Netcraft has developed a dataset which shows the hosting locations of the million busiest websites, as determined by visits from users of the Netcraft Anti-Phishing Extension . The dataset gives a guide to the market share of companies hosting the sites responsible for the great majority of web traffic, and is uninfluenced by parked domains, personal sites, shared hosting accounts or the majority of blogs. Although the top 1000 sites are concentrated amongst the web superpowers, Google, Microsoft, Facebook and Amazon, the hosting locations of the top million sites are widely fragmented.

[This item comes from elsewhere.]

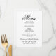 Formellt svartvitt bröllop-menykortsformat har en vacker typografi som kombinerar ett traditionellt blomstrande kalligrafiskt skript med klassiskt blockeringsbrev på en ren vit bakgrund. Innehåller en dekorativ dekorativ dekorativ dekorativ dekorativ dekorativ rulla. Anpassningsbarna kan vara personlig med ett monogram av datumet namn och bröllop och middagsmenyinformationen för bröllopsdagen. Var snäll och handla vår klassiska Elegant Black and White Bröllop Collection för att samordna designen.

The dataset is presented in an Excel spreadsheet and provides a variety of different filters and selections. Using the dataset, a hosting company can identify its relative position and closest competitors in each of the top 10,000, 100,000 and million tiers of site traffic, and also by region, country, and operating system.
Data for an individual hosting location can be segmented to show the share it has in each order of magnitude band of site traffic, as shown with Google in this example:
- The dataset does not give access to the underlying web site hostnames. Selections of site details including hostnames, hosting location, operating system, web server software, traffic and content technologies may be purchased separately.
- Accesses by the Netcraft Anti-Phishing Extension user community are used to determine site traffic rating.
- Attributing a site to a hosting location requires successful DNS lookup on a site’s ip address. If a DNS lookup fails then the hosting location will be unknown to us.
The dataset is updated monthly and is available on a company license basis.